■ **Exercise prompt**: Range to output from the entries below: the line containing "そこで今回、メンズ医療脱毛ク" through the line containing "douche en toilet". Set it down exactly, ends included, nothing else.

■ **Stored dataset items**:
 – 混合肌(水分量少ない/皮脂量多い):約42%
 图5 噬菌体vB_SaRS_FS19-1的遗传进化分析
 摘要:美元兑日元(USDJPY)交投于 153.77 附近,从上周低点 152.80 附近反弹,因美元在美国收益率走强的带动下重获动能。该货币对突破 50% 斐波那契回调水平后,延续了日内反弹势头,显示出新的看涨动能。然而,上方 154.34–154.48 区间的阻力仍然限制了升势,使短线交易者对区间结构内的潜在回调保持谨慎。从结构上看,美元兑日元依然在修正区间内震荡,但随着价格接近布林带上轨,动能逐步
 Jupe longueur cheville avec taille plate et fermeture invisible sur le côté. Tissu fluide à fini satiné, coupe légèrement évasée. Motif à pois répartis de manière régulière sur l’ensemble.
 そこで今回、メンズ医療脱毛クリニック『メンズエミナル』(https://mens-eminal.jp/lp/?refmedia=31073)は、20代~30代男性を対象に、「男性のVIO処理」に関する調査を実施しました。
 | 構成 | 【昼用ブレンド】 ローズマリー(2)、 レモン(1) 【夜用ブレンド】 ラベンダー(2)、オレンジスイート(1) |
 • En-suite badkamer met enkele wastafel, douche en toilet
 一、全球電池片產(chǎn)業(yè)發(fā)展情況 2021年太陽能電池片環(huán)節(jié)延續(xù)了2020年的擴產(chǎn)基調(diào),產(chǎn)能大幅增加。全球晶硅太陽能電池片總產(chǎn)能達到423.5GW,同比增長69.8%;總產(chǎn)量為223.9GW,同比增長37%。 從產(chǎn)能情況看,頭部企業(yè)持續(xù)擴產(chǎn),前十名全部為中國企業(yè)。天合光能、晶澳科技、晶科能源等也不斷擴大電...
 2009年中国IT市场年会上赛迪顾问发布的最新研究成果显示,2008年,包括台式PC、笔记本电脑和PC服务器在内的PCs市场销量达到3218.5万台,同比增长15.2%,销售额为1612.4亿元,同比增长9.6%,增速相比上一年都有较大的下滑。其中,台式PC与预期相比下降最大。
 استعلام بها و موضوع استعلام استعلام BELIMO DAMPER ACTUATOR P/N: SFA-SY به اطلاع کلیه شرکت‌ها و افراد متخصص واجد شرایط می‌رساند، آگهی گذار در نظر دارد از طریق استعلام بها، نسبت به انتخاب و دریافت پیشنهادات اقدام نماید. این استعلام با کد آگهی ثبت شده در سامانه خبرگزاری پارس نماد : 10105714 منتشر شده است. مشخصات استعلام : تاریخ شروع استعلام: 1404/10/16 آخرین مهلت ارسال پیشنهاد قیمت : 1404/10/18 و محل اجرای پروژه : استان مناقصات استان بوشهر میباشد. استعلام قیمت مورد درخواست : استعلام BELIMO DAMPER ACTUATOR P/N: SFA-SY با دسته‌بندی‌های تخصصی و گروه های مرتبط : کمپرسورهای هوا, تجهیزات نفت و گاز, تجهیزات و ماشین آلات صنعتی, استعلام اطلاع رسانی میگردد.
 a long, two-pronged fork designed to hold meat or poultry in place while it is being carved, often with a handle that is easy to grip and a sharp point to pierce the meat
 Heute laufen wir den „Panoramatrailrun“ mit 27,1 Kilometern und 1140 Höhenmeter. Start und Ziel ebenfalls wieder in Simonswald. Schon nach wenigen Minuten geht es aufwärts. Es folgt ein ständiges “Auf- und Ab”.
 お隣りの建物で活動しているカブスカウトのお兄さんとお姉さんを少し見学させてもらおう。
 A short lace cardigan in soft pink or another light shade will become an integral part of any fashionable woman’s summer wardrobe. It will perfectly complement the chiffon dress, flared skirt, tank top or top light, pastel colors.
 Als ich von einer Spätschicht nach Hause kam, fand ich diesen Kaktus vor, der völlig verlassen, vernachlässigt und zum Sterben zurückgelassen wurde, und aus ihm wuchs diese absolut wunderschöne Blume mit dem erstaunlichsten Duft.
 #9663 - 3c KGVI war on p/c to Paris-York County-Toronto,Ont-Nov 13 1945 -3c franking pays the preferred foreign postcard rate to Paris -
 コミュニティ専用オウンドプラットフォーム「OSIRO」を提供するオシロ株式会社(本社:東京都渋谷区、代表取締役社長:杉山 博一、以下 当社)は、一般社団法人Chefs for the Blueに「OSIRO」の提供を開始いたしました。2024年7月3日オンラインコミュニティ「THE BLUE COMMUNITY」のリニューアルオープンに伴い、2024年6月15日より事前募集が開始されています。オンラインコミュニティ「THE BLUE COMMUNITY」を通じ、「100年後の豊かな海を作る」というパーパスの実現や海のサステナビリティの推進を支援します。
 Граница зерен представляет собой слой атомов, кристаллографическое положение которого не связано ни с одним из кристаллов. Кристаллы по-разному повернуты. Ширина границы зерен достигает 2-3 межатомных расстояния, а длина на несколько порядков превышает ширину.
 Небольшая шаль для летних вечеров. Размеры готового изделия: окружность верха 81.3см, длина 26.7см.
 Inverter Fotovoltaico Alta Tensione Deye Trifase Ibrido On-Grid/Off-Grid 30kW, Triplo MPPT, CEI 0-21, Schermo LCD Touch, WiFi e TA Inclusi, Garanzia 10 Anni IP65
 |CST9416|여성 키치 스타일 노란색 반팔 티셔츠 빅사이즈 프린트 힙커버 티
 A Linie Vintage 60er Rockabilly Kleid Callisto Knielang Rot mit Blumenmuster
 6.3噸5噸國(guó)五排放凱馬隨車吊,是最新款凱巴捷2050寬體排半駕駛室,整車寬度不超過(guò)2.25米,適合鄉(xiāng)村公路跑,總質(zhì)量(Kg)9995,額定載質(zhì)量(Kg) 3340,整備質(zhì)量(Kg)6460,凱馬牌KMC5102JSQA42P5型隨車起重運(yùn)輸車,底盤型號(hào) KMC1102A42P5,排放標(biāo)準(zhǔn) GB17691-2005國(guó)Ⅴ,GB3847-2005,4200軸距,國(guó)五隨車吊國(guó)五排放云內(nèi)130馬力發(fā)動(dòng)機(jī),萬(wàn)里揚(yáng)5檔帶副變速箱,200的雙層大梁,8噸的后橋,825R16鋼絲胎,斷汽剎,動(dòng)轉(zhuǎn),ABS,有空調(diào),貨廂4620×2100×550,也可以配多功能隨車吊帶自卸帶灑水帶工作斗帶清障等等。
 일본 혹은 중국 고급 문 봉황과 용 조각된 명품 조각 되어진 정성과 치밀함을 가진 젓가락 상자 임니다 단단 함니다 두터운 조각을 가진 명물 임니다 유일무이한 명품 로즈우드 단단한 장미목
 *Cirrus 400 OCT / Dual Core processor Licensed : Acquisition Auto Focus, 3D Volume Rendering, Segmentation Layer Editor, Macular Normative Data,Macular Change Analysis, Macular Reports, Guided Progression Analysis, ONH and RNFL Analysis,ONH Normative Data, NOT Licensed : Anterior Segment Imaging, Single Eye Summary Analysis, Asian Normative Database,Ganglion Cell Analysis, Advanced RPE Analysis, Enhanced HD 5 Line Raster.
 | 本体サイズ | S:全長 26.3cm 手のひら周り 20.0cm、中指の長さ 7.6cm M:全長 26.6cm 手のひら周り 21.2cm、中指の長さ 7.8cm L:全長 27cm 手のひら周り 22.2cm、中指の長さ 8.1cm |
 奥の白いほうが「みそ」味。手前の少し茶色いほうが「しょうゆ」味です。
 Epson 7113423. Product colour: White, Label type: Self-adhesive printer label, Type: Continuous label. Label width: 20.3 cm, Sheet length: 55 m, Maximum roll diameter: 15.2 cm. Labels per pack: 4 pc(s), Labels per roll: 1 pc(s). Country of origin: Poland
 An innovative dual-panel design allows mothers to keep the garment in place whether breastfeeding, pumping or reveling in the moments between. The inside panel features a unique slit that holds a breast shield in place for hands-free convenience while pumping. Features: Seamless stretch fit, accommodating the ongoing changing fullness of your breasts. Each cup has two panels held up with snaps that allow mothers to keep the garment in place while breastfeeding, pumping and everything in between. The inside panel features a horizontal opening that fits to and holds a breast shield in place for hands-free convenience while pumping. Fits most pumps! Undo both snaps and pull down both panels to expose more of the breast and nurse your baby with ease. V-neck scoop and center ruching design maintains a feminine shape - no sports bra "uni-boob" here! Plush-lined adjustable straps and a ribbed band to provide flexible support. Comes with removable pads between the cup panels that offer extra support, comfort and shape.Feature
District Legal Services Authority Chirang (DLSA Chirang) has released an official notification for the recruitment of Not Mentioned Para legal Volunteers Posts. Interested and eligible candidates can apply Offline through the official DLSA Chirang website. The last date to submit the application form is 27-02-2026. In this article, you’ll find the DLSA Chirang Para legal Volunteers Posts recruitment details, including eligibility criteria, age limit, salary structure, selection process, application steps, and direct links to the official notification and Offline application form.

■ **Task output**:
 そこで今回、メンズ医療脱毛クリニック『メンズエミナル』(https://mens-eminal.jp/lp/?refmedia=31073)は、20代~30代男性を対象に、「男性のVIO処理」に関する調査を実施しました。
 | 構成 | 【昼用ブレンド】 ローズマリー(2)、 レモン(1) 【夜用ブレンド】 ラベンダー(2)、オレンジスイート(1) |
 • En-suite badkamer met enkele wastafel, douche en toilet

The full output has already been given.